This solution uses a declarative approach to defining business transformation rules that are applied by the underlying Step Functions state machine as data moves from RDS to Amazon Redshift. An S3 bucket is used to store intermediate results. A CloudWatch Event rule triggers the Step Functions state machine on a schedule. The following diagram illustrates our architecture:

Here are more details for the above diagram:

  1. A rule in CloudWatch Events triggers the state machine execution on an automated schedule.
  2. The state machine invokes the first Lambda function.
  3. The Lambda function deletes all existing records in Amazon Redshift. Depending on the dataset, the Lambda function can create a new table in Amazon Redshift to hold the data.
  4. The same Lambda function then retrieves Keys from a DynamoDB table. Keys represent specific marketing campaigns or seasons and map to specific records in RDS.
  5. The state machine executes the second Lambda function using the Keys from DynamoDB.
  6. The second Lambda function retrieves the referenced dataset from RDS. The records retrieved represent the entire dataset needed for a specific marketing campaign.
  7. The second Lambda function executes in parallel for each Key retrieved from DynamoDB and stores the output in CSV format temporarily in S3.
  8. Finally, the Lambda function uploads the data into Amazon Redshift.

To understand the above data processing workflow, take a closer look at the Step Functions state machine for this example.

We walk you through the state machine in more detail in the following sections.

Walkthrough

To get started, you need to:

  • Create a schedule in CloudWatch Events
  • Specify conditions for RDS data extracts
  • Create Amazon Redshift input files
  • Load data into Amazon Redshift

Step 1: Create a schedule in CloudWatch Events
Create rules in CloudWatch Events to trigger the Step Functions state machine on an automated schedule. The following is an example cron expression to automate your schedule:

In this example, the cron expression invokes the Step Functions state machine at 3:00am and 2:00pm (UTC) every day.

Step 2: Specify conditions for RDS data extracts
We use DynamoDB to store Keys that determine which rows of data to extract from our RDS MySQL database. An example Key is MCS2017, which stands for, Marketing Campaign Spring 2017. Each campaign has a specific start and end date and the corresponding dataset is stored in RDS MySQL. A record in RDS contains about 600 columns, and each Key can represent up to 20K records.

A given day can have multiple campaigns with different start and end dates running simultaneously.
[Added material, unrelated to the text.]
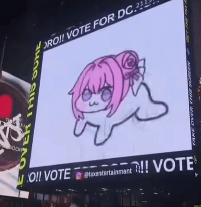 Doro的影響力越來越大,甚至有人把它送到了時代廣場的大屏幕之上。

In the following example DynamoDB item, three campaigns are specified for the given date.

The state machine example shown above uses Keys 31, 32, and 33 in the first ChoiceState and Keys 21 and 22 in the second ChoiceState. These keys represent marketing campaigns for a given day. For example, on Monday, there are only two campaigns requested. The ChoiceState with Keys 21 and 22 is executed. If three campaigns are requested on Tuesday, for example, then ChoiceState with Keys 31, 32, and 33 is executed. MCS2017 can be represented by Key 21 and Key 33 on Monday and Tuesday, respectively. This approach gives us the flexibility to add or remove campaigns dynamically.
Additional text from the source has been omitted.